▼▼▼

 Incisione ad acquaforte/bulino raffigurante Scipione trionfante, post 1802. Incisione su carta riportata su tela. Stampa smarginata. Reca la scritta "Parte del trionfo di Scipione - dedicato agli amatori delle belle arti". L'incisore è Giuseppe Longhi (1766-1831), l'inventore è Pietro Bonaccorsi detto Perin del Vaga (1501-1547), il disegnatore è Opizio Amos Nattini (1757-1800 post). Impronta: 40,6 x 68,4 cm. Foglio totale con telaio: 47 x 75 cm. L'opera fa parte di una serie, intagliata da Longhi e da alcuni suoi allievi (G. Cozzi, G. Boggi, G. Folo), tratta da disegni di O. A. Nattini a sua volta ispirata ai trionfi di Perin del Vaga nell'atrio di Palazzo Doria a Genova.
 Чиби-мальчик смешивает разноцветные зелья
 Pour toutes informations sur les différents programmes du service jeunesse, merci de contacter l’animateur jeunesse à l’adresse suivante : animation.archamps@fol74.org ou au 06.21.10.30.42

▲▲▲
▼▼▼

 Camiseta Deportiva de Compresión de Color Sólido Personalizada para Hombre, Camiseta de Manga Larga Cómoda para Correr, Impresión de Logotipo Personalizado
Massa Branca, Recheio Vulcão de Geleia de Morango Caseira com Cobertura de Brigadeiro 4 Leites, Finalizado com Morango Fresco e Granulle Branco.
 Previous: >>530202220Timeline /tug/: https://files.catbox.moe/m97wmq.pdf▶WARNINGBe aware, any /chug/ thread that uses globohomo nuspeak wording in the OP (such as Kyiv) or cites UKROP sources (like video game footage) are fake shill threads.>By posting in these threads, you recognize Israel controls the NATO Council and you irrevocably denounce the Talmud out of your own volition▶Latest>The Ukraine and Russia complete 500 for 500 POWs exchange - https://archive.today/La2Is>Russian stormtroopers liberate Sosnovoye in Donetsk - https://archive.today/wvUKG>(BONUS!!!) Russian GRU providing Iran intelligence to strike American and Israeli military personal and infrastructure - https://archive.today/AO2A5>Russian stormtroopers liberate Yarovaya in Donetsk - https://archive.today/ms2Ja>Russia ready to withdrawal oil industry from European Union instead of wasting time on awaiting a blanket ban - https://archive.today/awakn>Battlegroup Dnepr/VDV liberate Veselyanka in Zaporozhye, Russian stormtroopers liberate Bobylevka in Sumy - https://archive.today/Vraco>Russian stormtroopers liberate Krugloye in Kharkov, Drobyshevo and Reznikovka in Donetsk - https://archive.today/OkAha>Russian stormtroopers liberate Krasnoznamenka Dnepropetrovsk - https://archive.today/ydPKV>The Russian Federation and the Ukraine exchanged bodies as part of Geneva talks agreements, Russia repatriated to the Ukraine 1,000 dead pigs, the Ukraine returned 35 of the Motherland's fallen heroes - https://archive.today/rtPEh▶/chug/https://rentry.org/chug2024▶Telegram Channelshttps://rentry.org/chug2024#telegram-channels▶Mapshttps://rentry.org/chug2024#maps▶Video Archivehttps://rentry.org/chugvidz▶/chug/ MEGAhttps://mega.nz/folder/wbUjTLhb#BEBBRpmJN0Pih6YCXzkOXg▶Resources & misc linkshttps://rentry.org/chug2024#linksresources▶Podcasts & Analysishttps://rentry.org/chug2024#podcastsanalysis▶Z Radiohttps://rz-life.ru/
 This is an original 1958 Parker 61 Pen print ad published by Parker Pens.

▲▲▲

ASSIGNED TASK => Within the material above, the line with "Camiseta Deportiva de" opens the range and the line with "Massa Branca, Recheio" closes it; reproduce that range word for word.

ANSWER SECTION =>
 Camiseta Deportiva de Compresión de Color Sólido Personalizada para Hombre, Camiseta de Manga Larga Cómoda para Correr, Impresión de Logotipo Personalizado
Massa Branca, Recheio Vulcão de Geleia de Morango Caseira com Cobertura de Brigadeiro 4 Leites, Finalizado com Morango Fresco e Granulle Branco.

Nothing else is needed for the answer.